Following recent developments regarding breast implants and metal-on-metal hip joint replacements, the European Parliament (EP) adopted a resolution calling for safer medical devices and the introduction of a marketing authorization system for high-risk devices. While the Commission has not endorsed the EP’s resolution for a premarket authorization system in its Proposal for a new EU medical devices’ regulation, described in our previous post, it still had to take into account the strong call from the public for safer and more strictly controlled medical devices. As a result of this political imperative, the Commission included in Article 44 of its Proposal a so-called “scrutiny procedure.” Like the rest of the Proposal, the scrutiny procedure would become law if adopted by the European Parliament and the Council. Our earlier post on the legislative process describes this procedure in more detail.
Scrutiny Procedure
Under the scrutiny procedure, any new applications for conformity assessment of high-risk devices (with the exception of applications to supplement or renew existing certificates) would now possibly be subject to a “second look” by the Medical Devices Coordination Group (MDCG). This newly created expert committee would be composed of Member State officials and chaired by the European Commission. The Commission will probably also develop some centralized scientific and technical expertise that will allow it to be more directly involved in the assessment of specific products.

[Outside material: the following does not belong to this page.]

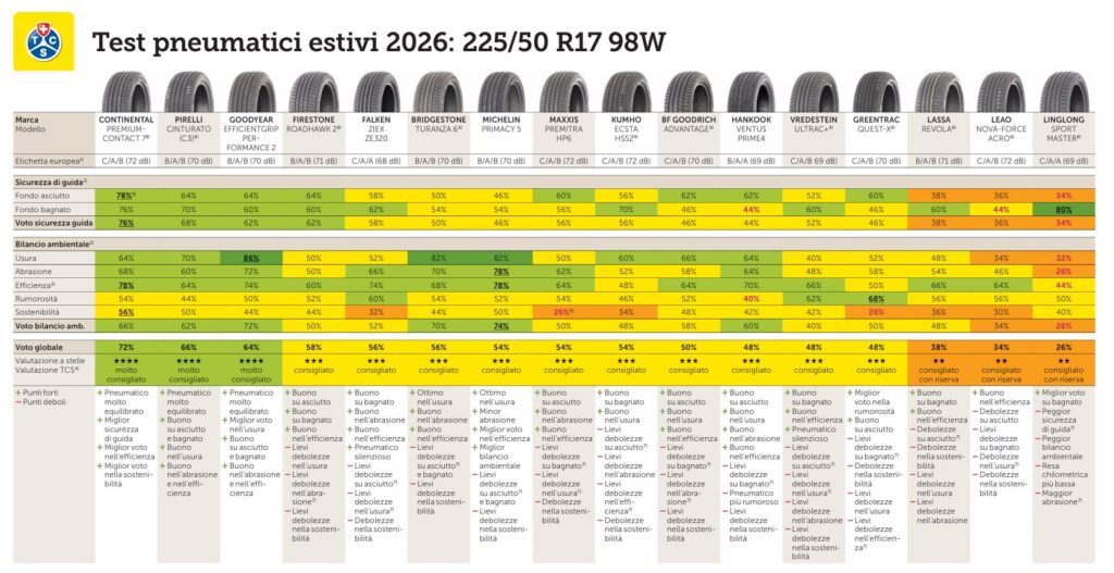 Quest’anno il reparto Test & Tecnica del Touring Club Svizzera, in collaborazione con ADAC, ha testato 16 pneumatici estivi nella dimensione 225/50 R17 98W/Y. I pneumatici estivi testati sono suddivisi in 6 premium, 5 quality e 5 budget. I prodotti sono stati valutati in base a 15 diversi criteri di prova relativi alla sicurezza di guida e all’impatto ambientale.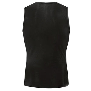 The Men's Black Mesh Sleeveless Cycling Base Layer is made from a lightweight moisture-wicking polyester and elastane blend to help manage core temperatures while not adding bulk under your jersey.

In practice, the notified bodies (independent third-parties involved in the assessment of medical devices) would have to inform the MDCG of any new applications for high-risk medical devices. Within 28 days after receipt of this information, the MDCG would be able to request the notified bodies to submit a preliminary conformity assessment on which the MDCG can issue comments within 60 further days. The Proposal requires the notified body to “give due consideration” to the comments received and explain how these comments have been taken into consideration for the final decision.
Industry Concerns
Companies marketing their products in Europe are quite concerned by this new mechanism. The exact scope of this mechanism is uncertain. While it only applies to Class III medical devices (i.e., the highest risk class) so far, the Commission would be empowered under the Proposal to determine specific devices other than Class III devices, to which the procedure would apply. This uncertainty is reinforced by the fact that the Proposal includes new classification rules potentially making many medical devices fall under Class III. In particular, Rule 21 of Annex II related to classification criteria would classify all devices “composed of substances or combination of substances intended to be ingested, inhaled or administered rectally or vaginally and that are absorbed by or dispersed in the human body” as Class III devices.
The industry is also very concerned that such a mechanism would in effect create more “red tape” and lead to delays in marketing new devices. There are also concerns about the effective legal protection under the scrutiny procedure. Given that the legislative process will unfold over at least a year, there will be numerous opportunities for companies to make their voices heard on aspects of the new regulatory system.